I previously linked a Washington Post story about the execution of serial killer and multiple rapist Alfred Prieto. I want to quote some parts of it, however, to illustrate a number of points retentionists stress, but are mostly deep-sixed by the mainstream media. My hat is off to the Post for allowing this story to be printed.
[T]he state of Virginia handles the execution of convicted murderers in a precise and professional way. Similarly, serial killer Alfredo R. Prieto lived the final moments of his life with his own version of professionalism, maintaining the same passive look he held through his three long trials in Fairfax, and defiantly refusing to show any remorse or regret as he issued a rehearsed final statement similar to a pro athlete being interviewed after a game. He thanked his "supporters" and then snapped, "Get it over with."
The last story I read about an execution, that of Kelly Gissendaner for plotting to have her husband sliced to death so she and her lover could share the insurance money, started off with how she sang "Amazing Grace" during the execution procedure. Somehow I suspect, "Get it over with" is more common, but doesn't get widely reported because it doesn't make good abolitionist propaganda.
The Post story continues:
[Prieto] entered the death chamber at 8:52 p.m. Thursday, and was dead by 9:17 p.m.
That would be a total of 25 minutes. Most human beings do not get the luxury of a death anything like that fast.
A diverse crowd of witnesses watched every moment intently, some in the chamber with him, some victims' family members and friends in a room peering through one-way glass, and then about 18 more people -- lawyers, corrections officials, and four reporters including me -- facing him straight on from another room. We watched what appeared to be an utterly painless death for a man who brutally killed nine people and devastated nine families,
You can wait 'til doomsday eve for most of the press to report on "an utterly painless" execution, But your wait for stories about a "botched execution" is typically measured in milliseconds.
[Several witnesses and a couple of the prosecutors] take seats in the front row along with the jury foreman from the second Prieto trial, who wanted to express his support for the victims but did not want to be identified. They will sit about six feet from Prieto, as they did at the trials, when Prieto wore high-collared shirts to hide his gang tattoos.
Correct me if I'm wrong, but isn't the foreman of a jury that imposes the death penalty supposed to be a barbarian? I seem to have heard that every now and again.
I first met Dede Raver in 2000, 12 years after her sister was killed in Reston. A DNA match had been made with Tina Jefferson's slaying in Arlington, but there was still no suspect. Raver would become active in pushing for more funding for DNA use in crime fighting, and now it is everywhere. And now, her sister's killer had been caught, convicted and put to death."To me, the whole thing is so surreal," she said late Thursday night. "It's lasted so long, it's hard to believe it's come to an end."
She said of Prieto: "I did not see any emotion in him. It kind of haunts me because I kind of know that's the expression my sister saw. I found it absolutely disturbing." She did not expect him to apologize or offer condolences. "But I'm glad that I went," she said, "because my mother really wanted to. [Veronica Raver, who attended all three Prieto trials in Fairfax despite suffering from stomach cancer, died in 2013.] So I did it on her behalf."
Remember that the next time you hear that what victims really want is "healing and restorative justice." It's true that some members of some families of murder victims oppose the death penalty. But one mother was sufficiently determined to see justice done that she came to three trials despite having one of the most horrible and debilitating forms of cancer you can get. That the system dawdled so long over phony appeals that she died before the execution of her daughter's tormentor and killer is a disgrace.

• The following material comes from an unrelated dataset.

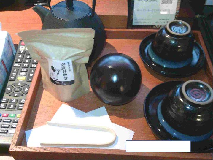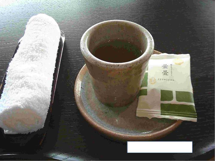 受付で出されたお茶とお菓子
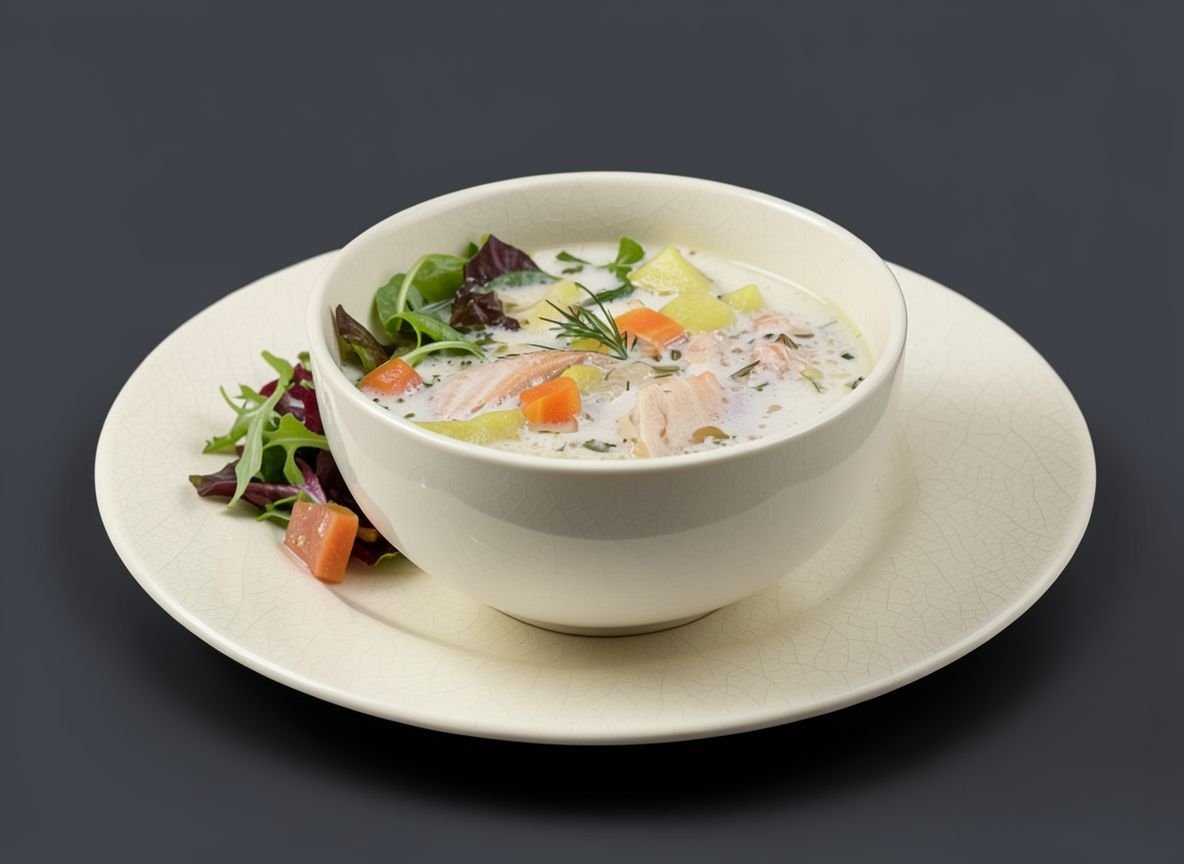 Подавать лохикейтто в глиняном горшочке, гренки с паприкой отдельно в пиале. По мнению финнов, суп становится гораздо вкуснее, когда настоится в течение суток.

And last (emphasis added):
It was Ray Morrogh's [the Commonwealth Attorney's] third time witnessing an execution, which he felt was only right as a prosecutor who sometimes seeks the death penalty. "I thought Prieto died a much easier death than any of his victims," he said. "He passed very quietly. The way he was administered the lethal injection and went to sleep, I've seen family and friends struggle to the last heartbeat. His death was a lot easier than those women who begged for their lives."
I will not live to see the day when a defense lawyer decides to witness the autopsy of someone killed by a violent client he successfully defended. Coming face-to-face with the consequences of the choices you make in your professional life is only for other people.

Give credit also to the federal judge who tossed the TRO. The judge's opinion is stellar and makes no bones about what needed to be done for justice's sake.
It also should bear noting--this piece of garbage was an immigrant who should have been deported after serving time for shooting people. Now, Jeh Johnson tells us that we should be keeping some alien criminals here. This is the sort of thing that can happen when the safety of the American people is less important than some left-wing idea about what America should be.